Année d’internat en autonomie : que fait-on de la poire ?

La commission mixte paritaire a atténué le dispositif voté par les sénateurs, qui imposait une dernière année d’internat de médecine générale en autonomie complète dans un désert médical.

Coupée en deux, ou simplement payée ? Alors que le projet de loi de transformation du système de santé a quitté le Sénat pour revenir à l’Assemblée nationale, la décision des parlementaires sur la poire des internes de médecine générale a évolué. Réunis en commission mixte paritaire (sept députés, sept sénateurs) le 20 juin, ils ont trouvé un accord sur l’amendement controversé proposé par les sénateurs, imposant une dernière année d’internat de médecine générale en autonomie.
 
Le compromis prévoit « l’obligation pour les étudiants de troisième cycle de médecine générale et d’autres spécialités de premier recours d’effectuer un stage d’au moins six mois en médecine ambulatoire, en priorité dans les zones sous-denses, sous le régime de l’autonomie supervisée », comme l’explique le Sénat dans un communiqué.
 
Il assouplit ainsi le texte voté par les sénateurs qui imposait une année complète en totale autonomie – sous-entendu, peut-être dans le cadre d’une 4e année d’internat pour les MG. Car, comme l’avait annoncé à What’s up Doc le député de la Charente Thomas Mesnier, cette mesure ne serait pas passée en seconde lecture à l’Assemblée nationale. Elle ne passait pas du tout non plus auprès des syndicats et des concernés.

 

Saspas comment ?

La proposition est un Saspas-like, comme sa description l'indique. Rappelons-le, Saspas est l’acronyme de « stage ambulatoire en soins primaires en autonomie supervisée », et fait partie de la maquette du 3e cycle depuis 2017. Le texte ajoute donc la précision des zones sous-denses. Mais des changements par rapport au texte proposé par les sénateurs semblent satisfaire Lucie Garcin, présidente de l'Isnar-IMG. « La proposition initiale supprimait la procédure d'agrément des stages », explique-t-elle à WUD. « Son retour est un élément très positif car si elle avait été appliquée en novembre, elle serait revenue à parachuter des internes dans des déserts médicaux, ce qui est inacceptable d'un point de vue pédagogique », ajoute-t-elle, insistant sur le fait que les internes sont des médecins en formation.

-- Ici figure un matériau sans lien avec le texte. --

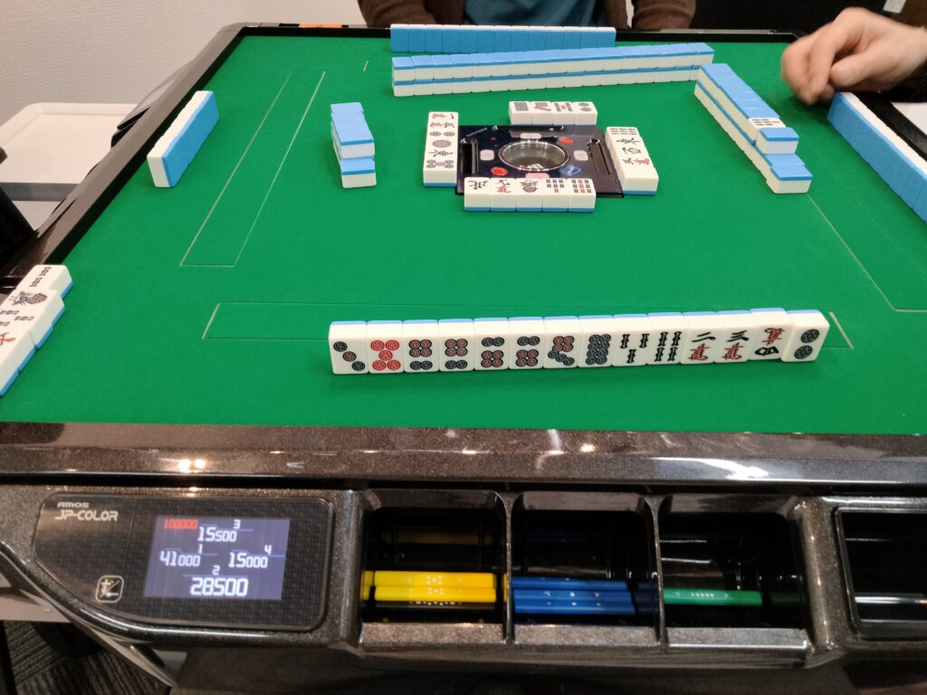 かとたんは4sとしました。ピンズどこが入っても場況が良い待ち(1-4p、4-7p5-8p、1-4-7p2-5-8p)なのでどれになってもあがれるでしょう!

Le nouveau texte décale également l'application de la mesure à novembre 2021. Les internes de MG déjà en place ne seront donc pas pris en traître. La promo qui vient de terminer les ECN sera donc la première concernée, et il n'y a pas de changement de règles en cours de route pour les internes actuellement en première ou deuxième année.

Internes recherchent maîtres

Mais un facteur risque d’être limitant : l’éternel manque de maîtres de stages, même si leur nombre est en augmentation. La moitié des stages Saspas n’ont pas pu être réalisés pour cette raison, souligne Lucie Garcin. « Il va falloir mettre les moyens pour recruter des MSU, et nous serons vigilants sur l'aspect formation des agréments : la qualité pédagogique devra toujours être prioritaire sur la zone d'exercice ». Le risque, pour la présidente de l'Isnar-IMG, réside dans un raccourci qui viserait à recruter à tour de bras des maîtres de stage mal formés, dans des zones sous-denses, et de les agréer en priorité pour forcer l'envoi d'internes dans ces territoires.

Dans l'ensemble, même si l'Isnar-IMG aurait préféré un retrait total de la mesure, le produit fini proposé par la commission mixte paritaire semble convenir. L'échéance de novembre 2021, qui sera donc inscrite dans la loi, fournira en plus un moyen de pression pour débloquer des moyens destinés à la formation des MSU, ce que demandent les syndicats d'internes depuis bien longtemps.

Article mis à jour le 21/07/2019 à 14h45, après parution du texte proposé par la commission mixte paritaire.